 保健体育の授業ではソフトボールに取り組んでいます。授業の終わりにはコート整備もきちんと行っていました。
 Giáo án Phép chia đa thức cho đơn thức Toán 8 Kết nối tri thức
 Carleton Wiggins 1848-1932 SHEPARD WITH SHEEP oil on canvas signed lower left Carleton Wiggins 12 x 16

==========

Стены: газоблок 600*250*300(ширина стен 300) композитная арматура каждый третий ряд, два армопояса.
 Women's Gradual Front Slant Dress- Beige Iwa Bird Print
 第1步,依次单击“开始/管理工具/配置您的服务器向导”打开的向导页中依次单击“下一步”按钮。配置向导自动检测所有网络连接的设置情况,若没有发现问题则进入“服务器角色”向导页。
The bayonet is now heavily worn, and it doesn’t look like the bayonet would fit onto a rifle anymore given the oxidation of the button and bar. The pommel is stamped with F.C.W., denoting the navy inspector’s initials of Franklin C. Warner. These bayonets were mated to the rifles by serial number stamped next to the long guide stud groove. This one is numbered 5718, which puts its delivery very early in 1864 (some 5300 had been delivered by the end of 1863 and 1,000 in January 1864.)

==========

- _WHAT TO DO_
Restate word for word the lines in the material above from the one with "保健体育の授業ではソフトボー" to the one with "Carleton Wiggins 1848-1932"; both of those lines count, and nothing else does.

- _EXPECTED ANSWER_
 保健体育の授業ではソフトボールに取り組んでいます。授業の終わりにはコート整備もきちんと行っていました。
 Giáo án Phép chia đa thức cho đơn thức Toán 8 Kết nối tri thức
 Carleton Wiggins 1848-1932 SHEPARD WITH SHEEP oil on canvas signed lower left Carleton Wiggins 12 x 16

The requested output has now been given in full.